## WHAT YOU SHOULD DO
Every line of the data below should be retyped exactly, with no images carried over.

--- GIVEN MATERIAL Enclosed Below ---

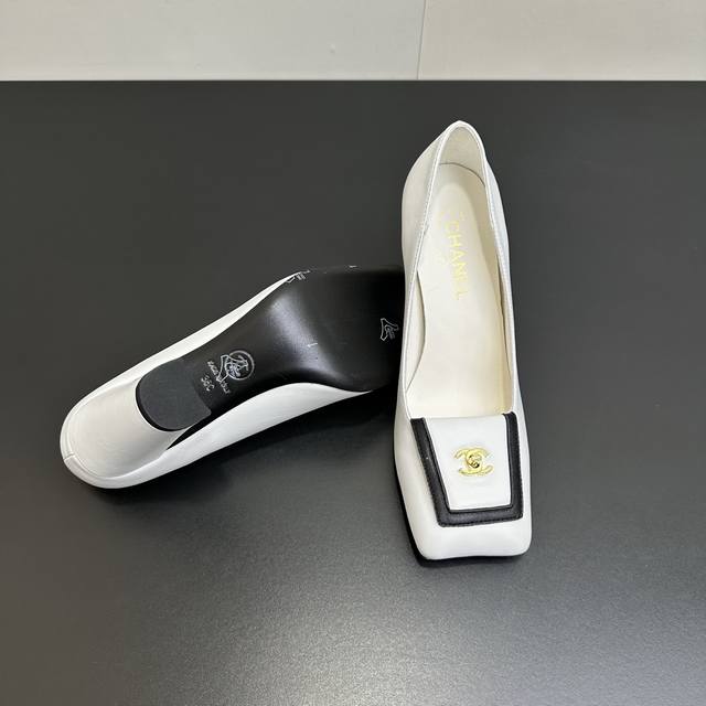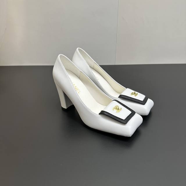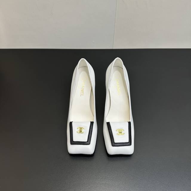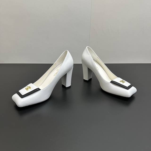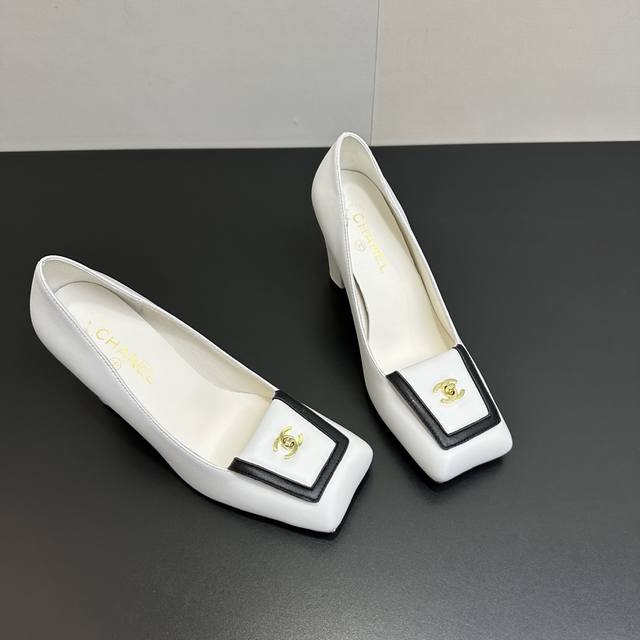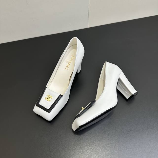 / 2025Ss Chanel香奶奶香奈儿粗跟拼接盖子高跟单鞋 经典方头轮廓,流畅利落,适配多种风格穿搭。鞋身点缀标志性双C Logo,细节之处彰显奢华质感 。适中
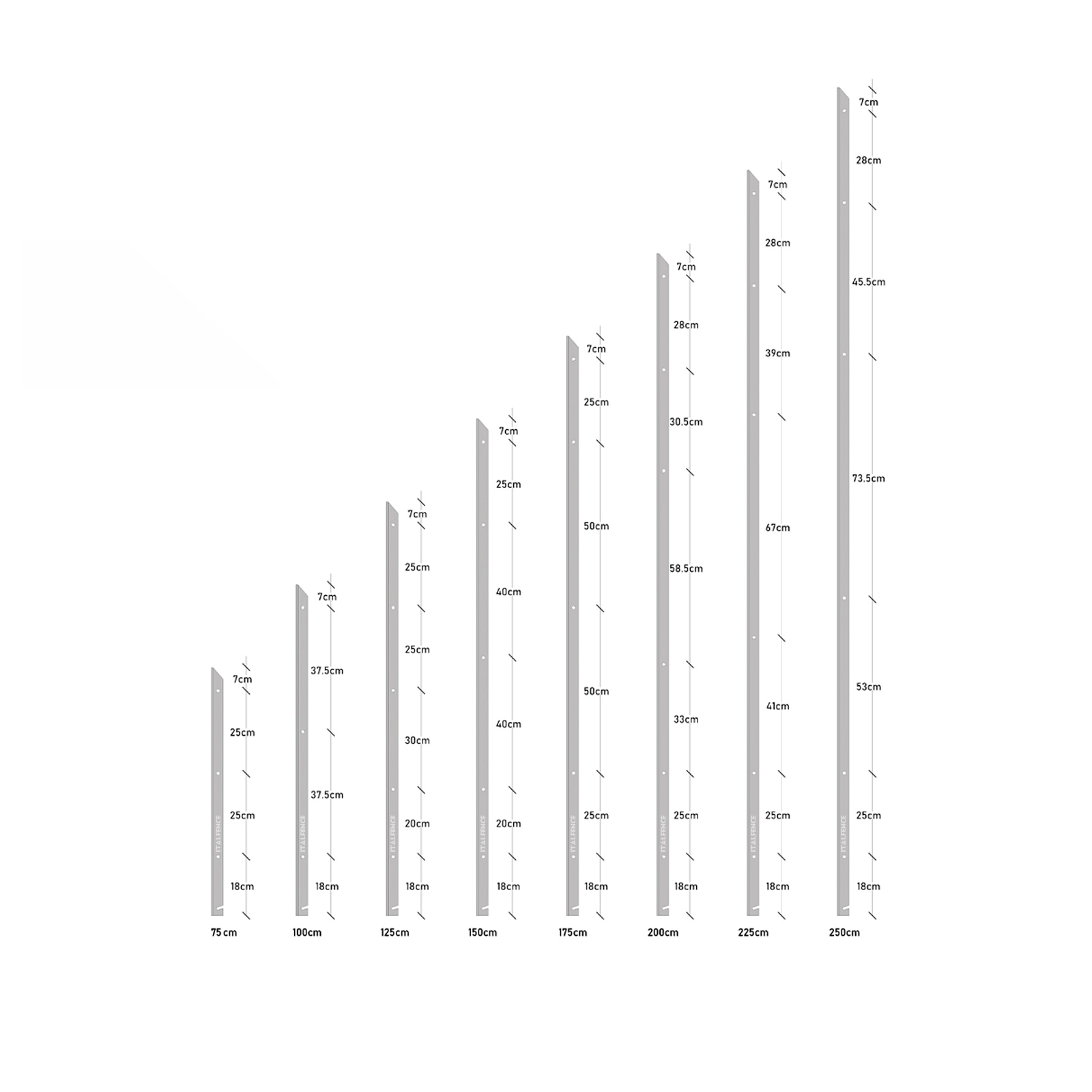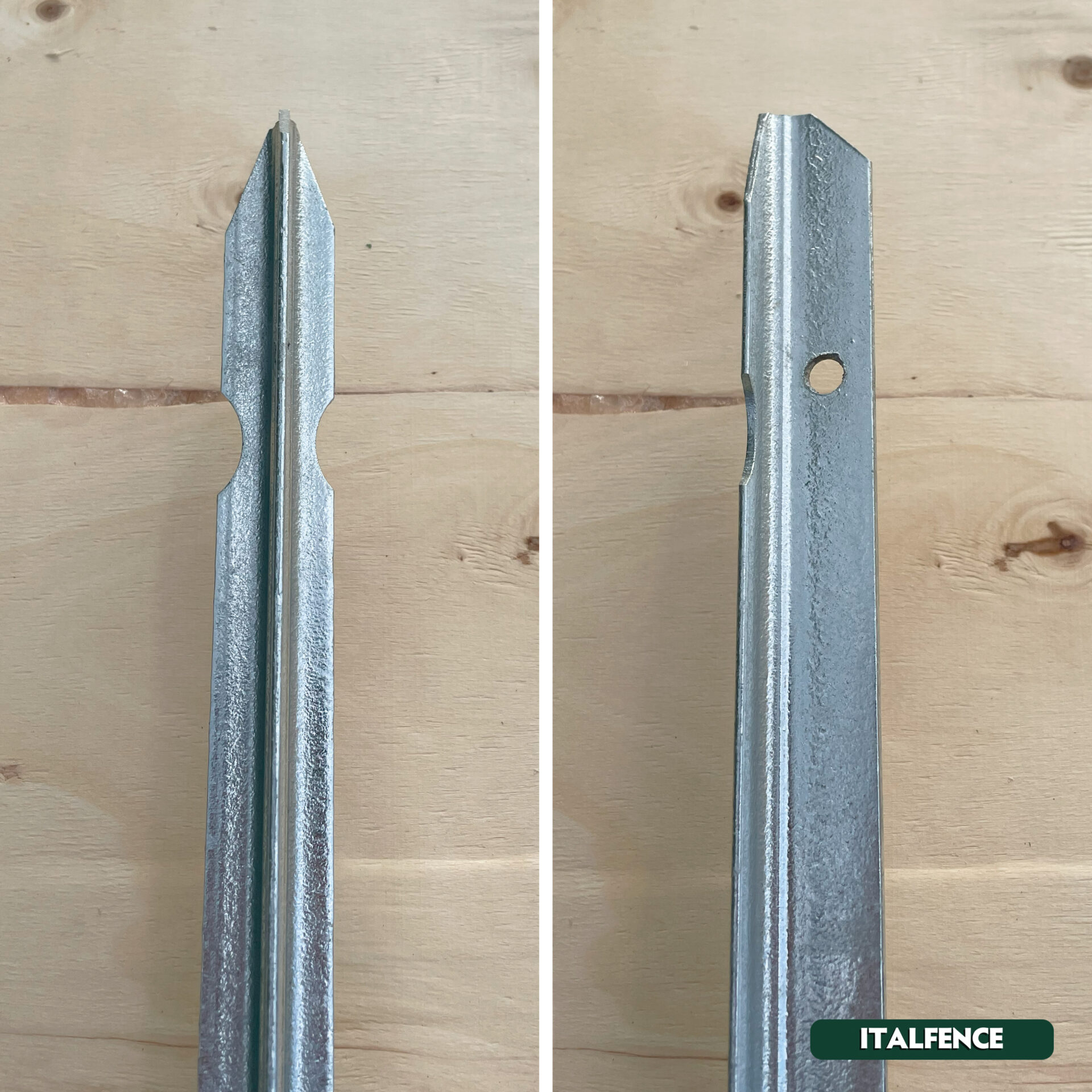 • VARIANTEN: Ons assortiment maten voor de gepalstificeerde T-palen omvat: 75cm, 100cm, 125cm, 150cm, 175cm en 200cm, en biedt oplossingen voor elke behoefte. We bieden de mogelijkheid om de palen in verpakkingen van 5 of 10 stuks te kopen. We hebben zowel standaardpalen (30x30x3mm) als zware palen (35x35x3.5mm).
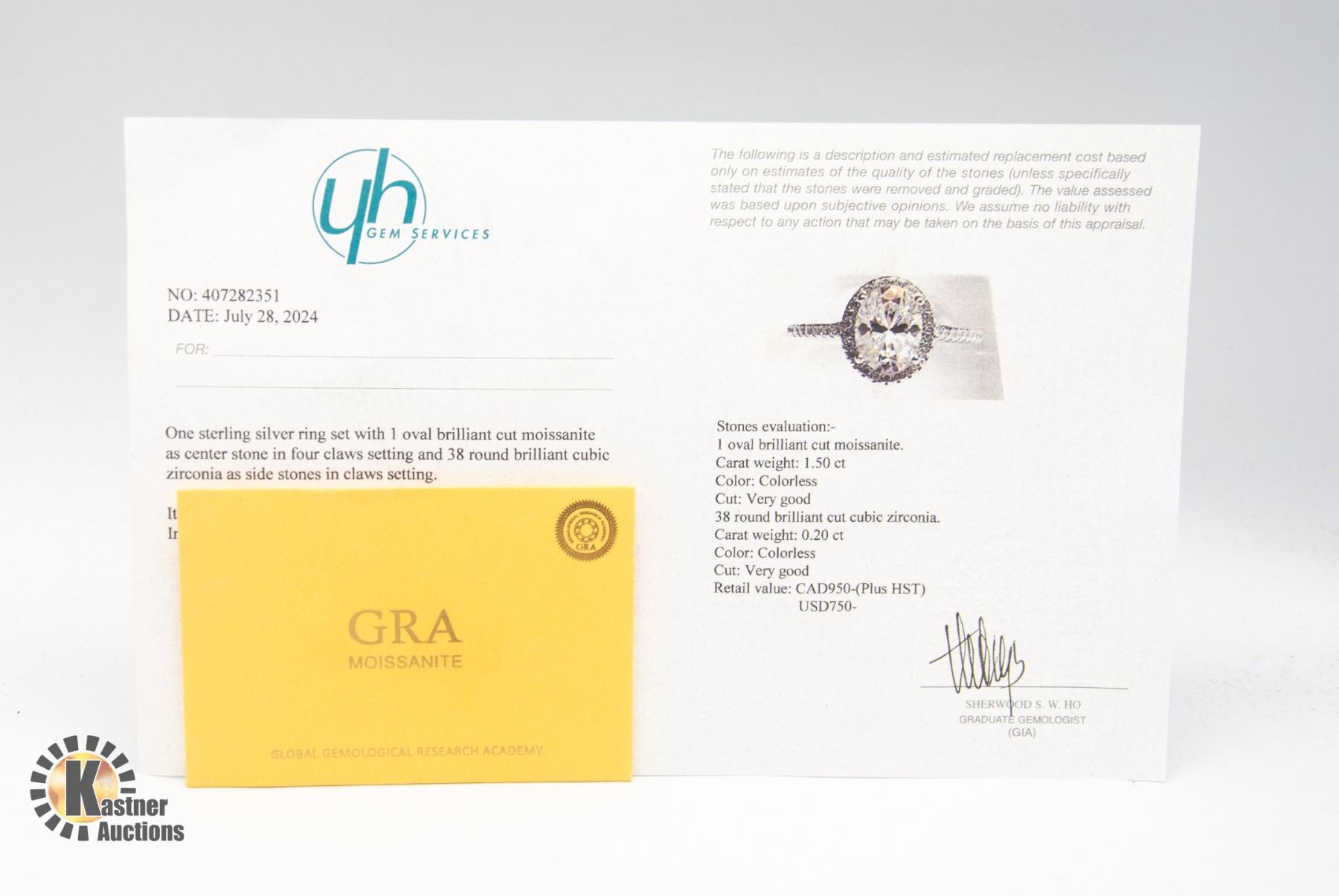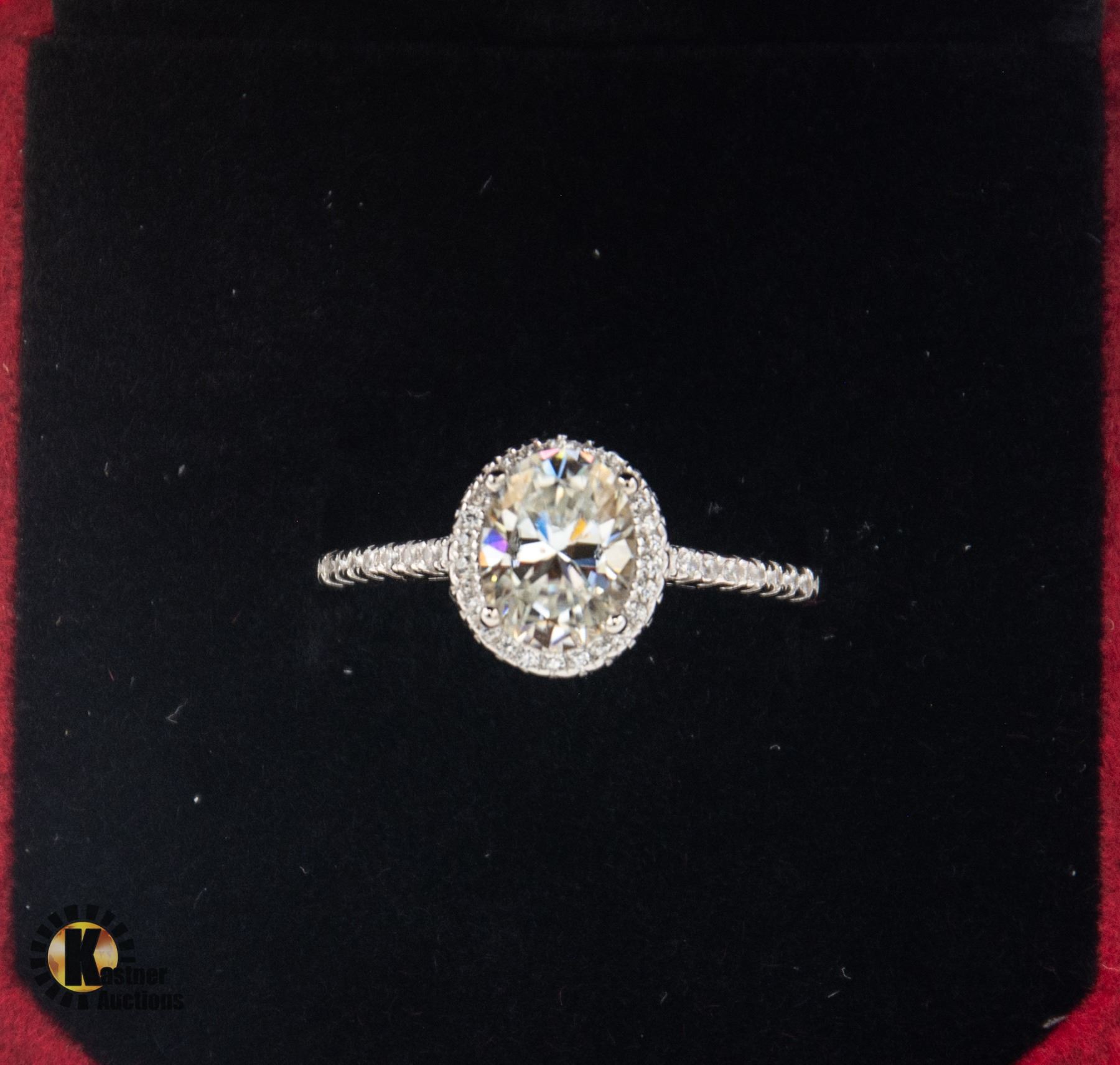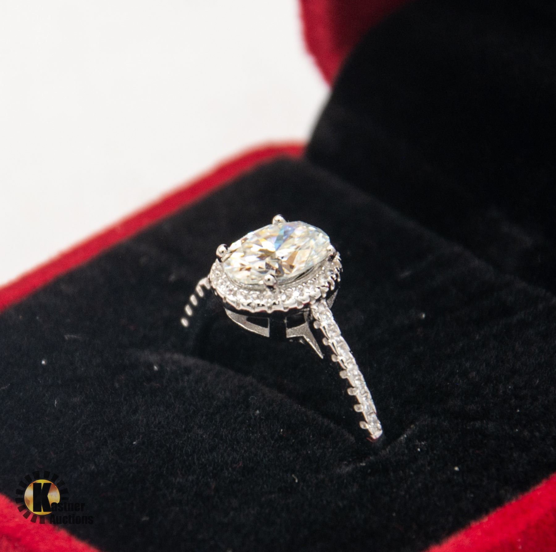 MOISSANITE STONE VVS D COLOR WITH 38 ROUND BRILLIANT CUT CUBIC ZIRCONIA SET IN OVAL HALO WITH MORE SET IN SHANKS SET IN 925 SILVER RING SIZE 7 RETAIL VALUE $950.00 **ALL ITEMS MUST BE REMOVED BY 5PM SATURDAY, FEBRUARY 8TH 2025. ALL REMAINING ITEMS WILL BE SUBJECT TO A $6.00 PER DAY STORAGE CHARGE. ANY ITEMS REMAINING AFTER MONDAY, MARCH 3RD 2025 WILL BE CONSIDERED FORFEITED. NO REFUNDS WILL BE ISSUED FOR FORFEITED ITEMS. TO SCHEDULE A PICK UP APPOINTMENT CLICK HERE

--- End of Enclosed GIVEN MATERIAL ---

## ANSWER BOX
 / 2025Ss Chanel香奶奶香奈儿粗跟拼接盖子高跟单鞋 经典方头轮廓,流畅利落,适配多种风格穿搭。鞋身点缀标志性双C Logo,细节之处彰显奢华质感 。适中
 • VARIANTEN: Ons assortiment maten voor de gepalstificeerde T-palen omvat: 75cm, 100cm, 125cm, 150cm, 175cm en 200cm, en biedt oplossingen voor elke behoefte. We bieden de mogelijkheid om de palen in verpakkingen van 5 of 10 stuks te kopen. We hebben zowel standaardpalen (30x30x3mm) als zware palen (35x35x3.5mm).
 MOISSANITE STONE VVS D COLOR WITH 38 ROUND BRILLIANT CUT CUBIC ZIRCONIA SET IN OVAL HALO WITH MORE SET IN SHANKS SET IN 925 SILVER RING SIZE 7 RETAIL VALUE $950.00 **ALL ITEMS MUST BE REMOVED BY 5PM SATURDAY, FEBRUARY 8TH 2025. ALL REMAINING ITEMS WILL BE SUBJECT TO A $6.00 PER DAY STORAGE CHARGE. ANY ITEMS REMAINING AFTER MONDAY, MARCH 3RD 2025 WILL BE CONSIDERED FORFEITED. NO REFUNDS WILL BE ISSUED FOR FORFEITED ITEMS. TO SCHEDULE A PICK UP APPOINTMENT CLICK HERE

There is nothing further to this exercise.